If you might retire before taking Social Security, you are likely to be in a very low tax bracket before Social Security starts. To see if Roth conversions would benefit you during this time, estimate your taxes and marginal tax bracket during the early retirement period as well as for the years you are over age 70 and taking Social Security (if eligible) and Required Minimum Distributions (RMDs) from tax-deferred accounts. If your post-age-70 tax bracket is higher, it may be advantageous to you to convert during the early retirement period, while delaying Social Security. It can be an advantage for converting to a Roth early, as traditional IRA withdrawals are counted as income for determining how much Social Security is taxable, while Roth withdrawals, which are based on already-taxed money, are not taxed again (assuming the withdrawals occur when you are over age 59.5 and the Roth has been open 5 years).
Recognize three cautions regarding taking conversions during retirement:
- If you are drawing Social Security, a Roth IRA conversion could result in a one-year increase in the taxable portion of your Social Security benefits. Total income for Social Security purposes is defined as half of your benefits plus any other income, including tax-exempt income. This income level determines the taxable percentage of your benefits (0%, 50%, or 85%). Keep in mind that future distributions from a Roth won't affect the taxation of your Social Security benefits, which may help you in the long run.
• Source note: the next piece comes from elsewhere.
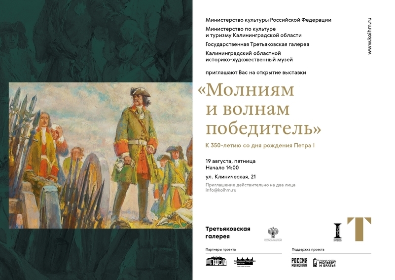 19 августа 2022 года Государственная Третьяковская галерея открывает в г. Калининграде выставку, посвященную 350-летию со дня рождения Петра I (1672–1725). Тридцать восемь произведений живописи, графики и скульптуры из коллекции Галереи расскажут о прославленных деяниях первого российского императора: завоевании выхода к Балтийскому морю, строительстве отечественного флота, а также историю морских и сухопутных сражений.

- Medicare premiums depend on your modified adjusted gross income (MAGI) from the previous two years (for example your 2009 MAGI determines your 2011 premiums). A Roth conversion reported in a given year will increase your MAGI for that year and therefore may increase your Medicare premiums two years hence. Most retirees pay the standard Medicare Part B premium—about 25% of the total cost—with the U.S. government paying the rest. For affluent individuals, if your MAGI exceeds certain levels (for 2016, $85,000 MAGI single; $170,000 joint) your premium will likely be higher. 
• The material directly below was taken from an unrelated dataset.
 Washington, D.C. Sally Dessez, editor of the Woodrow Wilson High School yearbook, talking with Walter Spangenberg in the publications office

- After you reach the calendar year you attain age 72 and must start Required Minimum Distributions (RMDs) from Traditional IRAs and other traditional employer plans with employers for which you are no longer working. The full RMD must be completed before you make any Roth conversions. For example, if you perform a Roth conversion in the 4th day of the new year and take the RMD on the 5th day or later, the IRS will consider the Roth conversion funds to have actually been RMD funds that have been improperly moved into the Roth account.
Roth conversions may also be beneficial for estate planning:
- to reduce the value of inherited pre-tax IRAs that will need to be fully distributed by your heirs within ten years
- to reduce estate taxes, because Roth dollars are worth more than pre-tax or taxable dollars, but count equally toward the estate tax exemption
Using a spreadsheet
Forum member BigFoot48 has created a spreadsheet for use by retirees, or those nearing retirement, which will estimate the financial impact on your portfolio, including income taxes and RMDs, from doing Roth conversions. Use this spreadsheet to determine if Roth IRA conversions may be worthwhile for your personal situation.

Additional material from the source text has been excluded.